Wer die Onkelz und ihre Anhänger wirklich sind, ist am besten im persönlichen Gespräch zu erfahren. Philippe, 33-jährig aus Zürich, erzählt wie er Anfang der Nuller-Jahre zu den Onkelz kam. Als er als Teenager allein Konzerte in Deutschland besuchte und sich doch nie allein fühlte. «Mit dem Onkelz-Shirt bist du automatisch Teil der Familie.» Ausserhalb der Fangemeinde sei er damit auf Unverständnis, gar Hass gestossen. «Spaziergänge durch das Zürcher Niederdorf im Fanshirt endeten nicht selten in üblen Nazibeschimpfungen», sagt Philippe. Heute habe sich das etwas beruhigt. Philippe bezeichnet sich selbst als apolitisch, Rechtsextremismus verachte er. «Wenn, dann eher links.» Seine wichtigsten Lebensinhalte? Die Onkelz und der ZSC. «Und meine Freundin natürlich», fügt Philippe blitzschnell an.
Eine Vierergruppe reiste aus dem Toggenburg an. Es seien die konsequente Härte der Musik und die ehrlichen Texte, die sie vor langer Zeit zu Onkelz-Fans gemacht hätten. «Ich kenne keine Band, die authentischer ist», sagt Markus. Das Politische spiele bei den Onkelz längst keine Rolle mehr. «Auch bei uns nicht.» Ungefragt fügt Markus an: Früher, als Teenager, hätten sie allerdings über die Gründung einer «nationalen Front Toggenburg» nachgedacht. «Ich kann das doch sagen, ich bin ja anonym. Oder?» Inzwischen sei er gemässigter SVP-Wähler.
Unschöne Szenen am Rande
Als es am Autobahnkreisel in Hinwil dunkel wird, spielen die Onkelz ihre pathetischen Lieder weiter voller Hingabe. Sie handeln von Freundschaft, Gemeinschaft und Verlust. Zwischendurch ein seltener Anflug von Selbstironie. Ein falscher Song wird angespielt und sogleich wieder abgebrochen: «Haben wir schon gesagt, dass wir unser nächstes Album «Demento» nennen?», kommentiert Weidner den Verspieler. Eine Anspielung auf das fortgeschrittene Alter und ihr letztes Album «Memento». Die Bandmitglieder sind mittlerweile Mitte 50.

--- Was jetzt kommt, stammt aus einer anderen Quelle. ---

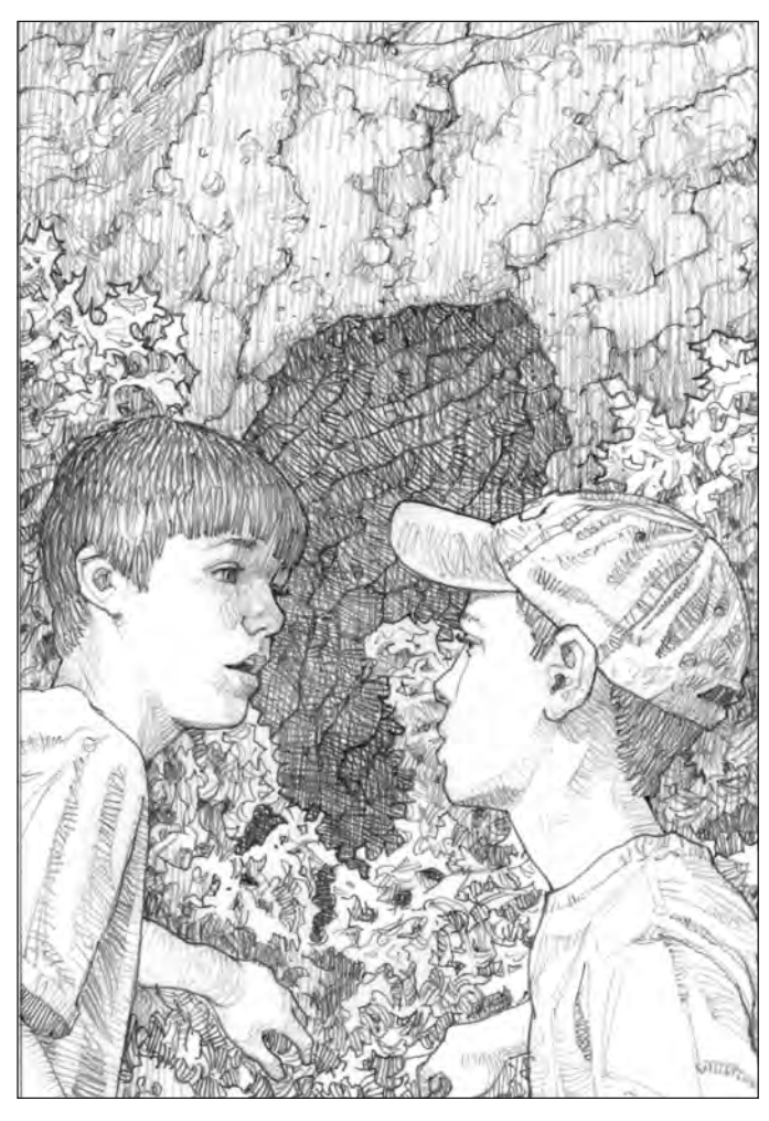
"Look at that," Tom said. There was a hole in the hill.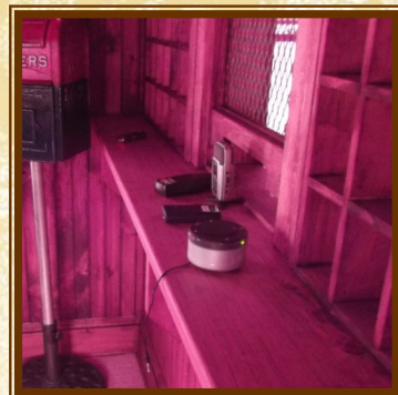
Sensors Placed on Counter at the Original Wantagh PO

The night ended with the results of their investigation of our Museum, Jamaica and Post Office. I was lucky to have been present during both nights of recording they did at the Wantagh Preservation Society. The GPRS set up recording equipment in each building and left it running while the other buildings were actively being investigated. It seems we may have some spirits in the Museum! What sounds like a child's voice talking to his mother was recorded in the Museum while we were in the Jamaica. We'll never know for sure, but perhaps they waited there long ago, returning home to the city after a weekend of fun at the beach! 📖

Politik spielt bei den Onkelz offiziell längst keine Rolle mehr. Hat sie vielleicht nie gespielt. Eine Tour durch die hinteren Ränge des Publikums sorgt jedoch für Ernüchterung: mehrere Personen, die ihr nationalistisches Gedankengut offen zur Schau stellen. Ein stark angetrunkener Mann mit Ostschweizer Dialekt, der die Hand minutenlang zum Hitlergruss ausstreckt. Nicht weit davon eine Gruppe Deutscher sowie ein Vater mit minderjährigem Sohn, die dasselbe tun. Polizisten stehen in Sichtweite. Sie lassen sie gewähren.

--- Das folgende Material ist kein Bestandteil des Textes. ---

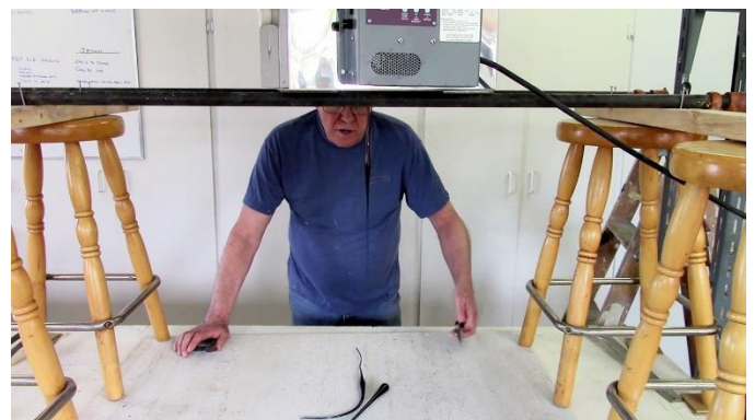
Kiln on steel pipes spanning wooden stools.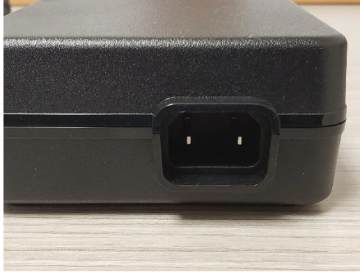
Figure 1: Current Eclipse 5 power supply (PN 21334759)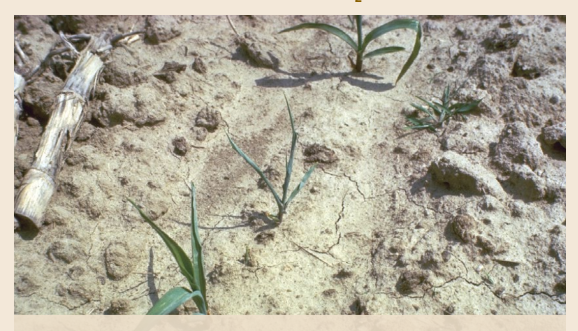
Frequent cultivation to control weeds or temporarily create soil structure will accelerate the depletion of soil organic matter and increase carbon emissions from cropland soils.

Es sind Szenen, die das Bild eines ansonsten friedlichen Abends erheblich trüben. Die Böhsen Onkelz sind heute eine Band für die Massen. Doch ein letztes Stück braunes Gedankengut, vermittelt durch einzelne Anhänger, sind sie nie losgeworden. Die Band darf sich weiter missverstanden fühlen.